START THE INPUT

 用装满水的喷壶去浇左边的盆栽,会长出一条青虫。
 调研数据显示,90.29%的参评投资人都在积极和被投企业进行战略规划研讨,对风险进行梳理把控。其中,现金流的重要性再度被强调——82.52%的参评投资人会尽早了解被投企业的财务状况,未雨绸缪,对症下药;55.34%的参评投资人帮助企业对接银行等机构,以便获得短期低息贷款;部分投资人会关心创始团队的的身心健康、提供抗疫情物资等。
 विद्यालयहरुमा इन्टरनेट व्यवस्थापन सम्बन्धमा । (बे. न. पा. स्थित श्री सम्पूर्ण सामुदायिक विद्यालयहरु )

END THE INPUT
START THE INPUT

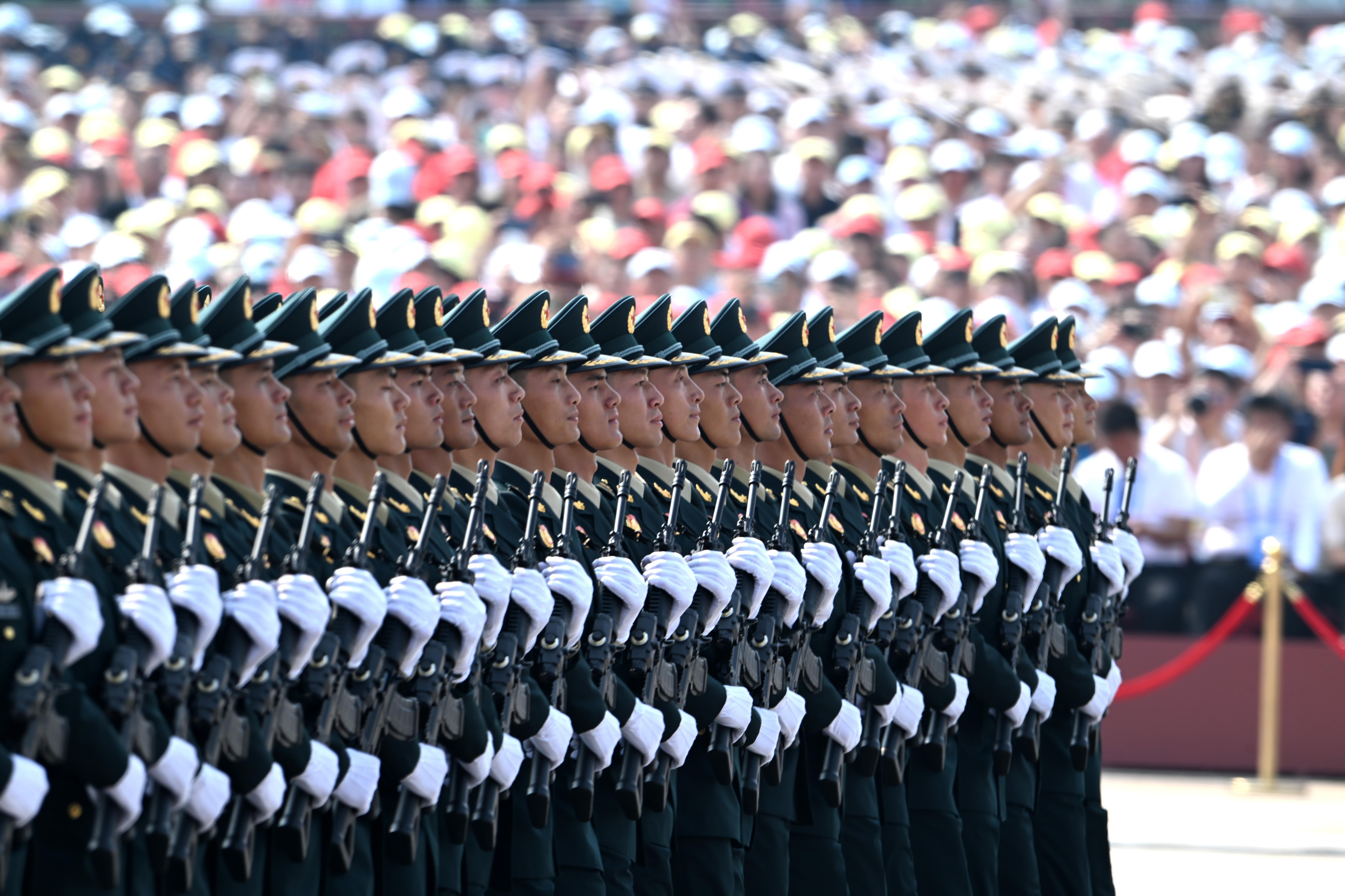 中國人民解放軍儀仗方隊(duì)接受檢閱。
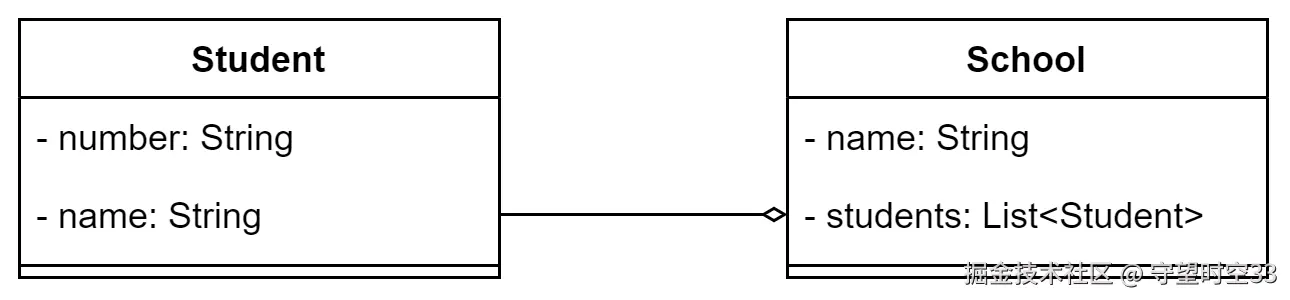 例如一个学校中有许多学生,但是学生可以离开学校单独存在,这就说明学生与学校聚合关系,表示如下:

END THE INPUT
START THE INPUT

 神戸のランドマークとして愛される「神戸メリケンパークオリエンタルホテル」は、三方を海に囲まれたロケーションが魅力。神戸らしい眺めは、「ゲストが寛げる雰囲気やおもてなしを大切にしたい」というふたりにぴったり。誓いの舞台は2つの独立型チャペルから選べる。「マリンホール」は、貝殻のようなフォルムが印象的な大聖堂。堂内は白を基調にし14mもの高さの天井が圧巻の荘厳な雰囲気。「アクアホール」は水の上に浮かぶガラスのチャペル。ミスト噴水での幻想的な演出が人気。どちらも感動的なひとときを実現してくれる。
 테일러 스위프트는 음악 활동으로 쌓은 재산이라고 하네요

END THE INPUT

### THE PROBLEM
Write down exactly the span of lines above from the one containing "用装满水的喷壶去浇左边的盆栽,会长出一条青虫。" to the one containing "विद्यालयहरुमा इन्टरनेट व्यवस्थापन", both ends included.

### SOLUTION
 用装满水的喷壶去浇左边的盆栽,会长出一条青虫。
 调研数据显示,90.29%的参评投资人都在积极和被投企业进行战略规划研讨,对风险进行梳理把控。其中,现金流的重要性再度被强调——82.52%的参评投资人会尽早了解被投企业的财务状况,未雨绸缪,对症下药;55.34%的参评投资人帮助企业对接银行等机构,以便获得短期低息贷款;部分投资人会关心创始团队的的身心健康、提供抗疫情物资等。
 विद्यालयहरुमा इन्टरनेट व्यवस्थापन सम्बन्धमा । (बे. न. पा. स्थित श्री सम्पूर्ण सामुदायिक विद्यालयहरु )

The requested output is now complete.